Wragg told the Court that when he and his wife discovered that their second child was a Hunter's carrier, they decided to have an abortion. The diagnosis came only hours after tests revealed that Jacob had the disease and would die young.

Wragg told of the moment his wife rang with news of Jacob's condition. He said: "I was in a lecture when she rang to say that Jacob was dying. The following morning the three of us went to the hospital in Hereford to see a paediatrician, who gave us the news of which disease it was. I do not think that either of us realised the implications for Henry (their unborn son). They brought to our attention that we needed to have Henry tested.

"We discussed what we would do if the results came back that Henry was a carrier. We trusted the professional who said we did not want to bring another Hunter into the world because of the terrible things that would happen to them." The couple were given two hours to decide whether or not to continue with the pregnancy and decided on abortion.

Wragg told the court that doctors failed to discuss with him the abortion procedure. With Mrs Wragg listening in court, Wragg said: "They put a 2ft-long needle straight into Mary's stomach, into the baby. They were stabbing around trying to find it, which they eventually did. It was horrific. I could not understand why they did not tell me what was going to happen. I think if I had known, I would not have chosen to be there."

Bioethicists on Down's and Dwarfism
Peter Singer, Bioethics professor at Princeton University advocates that once identified through pre-natal testing, disabled foetuses should be routinely aborted. Those that are born, should be put to death within the time limit of 28 days.

Peter Singer has allowed that death should be administered as soon as possible after birth.

More recently Peter Singer has "allowed" that death should be administered as soon as possible after birth.

According to former geneticist David King, couples in the United States are experiencing a kind of indirect pressure not only to have pre-natal tests, but to terminate pregnancies that doctors, or insurance companies, deem unfit for life.

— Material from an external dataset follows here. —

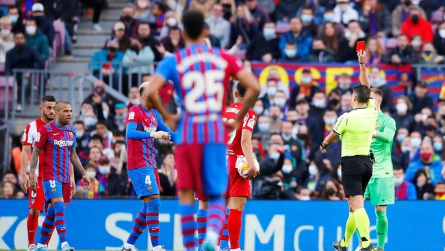 Sayang sekali, tidak lama kemudian Dani Alves diacungi kartu merah oleh wasit Jesus Gil Manzano usai memeriksa pelanggaran itu melalui VAR. Alves mesti meninggalkan area permainan lebih awal setelah menerjang betis Carrasco.

"In the U.S.," he wrote: "there have already been hundreds of cases of discrimination by health and life insurers and employers. One pregnant mother was told if she did not have an abortion, because her child was sure to suffer from cystic fibrosis, her whole family's health insurance would be cancelled.

King quotes the philosopher, Philip Kitcher, who has dubbed the existing situation a kind of "laissez-fair eugenics." "Although no direct coercion is imposed and ?free choice' is allowed, the end result, the shaping of the future gene-pool by social pressures and prejudices is the same."

The value of each human life
"A society that only gives space to its fully functioning members who are totally autonomous and independent, is not a society worthy of man. Discrimination based on efficiency, is no less condemnable than discrimination based on race, sex or religion." (Pope John Paul 11, during an address to an international symposium on the "Dignity and Rights of the Mentally Handicapped", January, 2004)

Wrongful life lawsuits
There have been cases in France and the United States where parents have taken legal action against doctors and hospital authorities for failing to advise them during pregnancy that their baby was disabled. They argue that the failure to detect and advise of the disability, prevented the parents from exercising their legal right to seek an abortion.

Thus the disabled child should not have been born. He or she is a "wrongful life", and the doctor and authorities, it is claimed, should pay for the child's upbringing.

Reference:
1. Shakespeare, T. (1998), "Choices and rights: eugenics, genetics and disability equality", Disability and Society, 13, 5, pp. 665-682.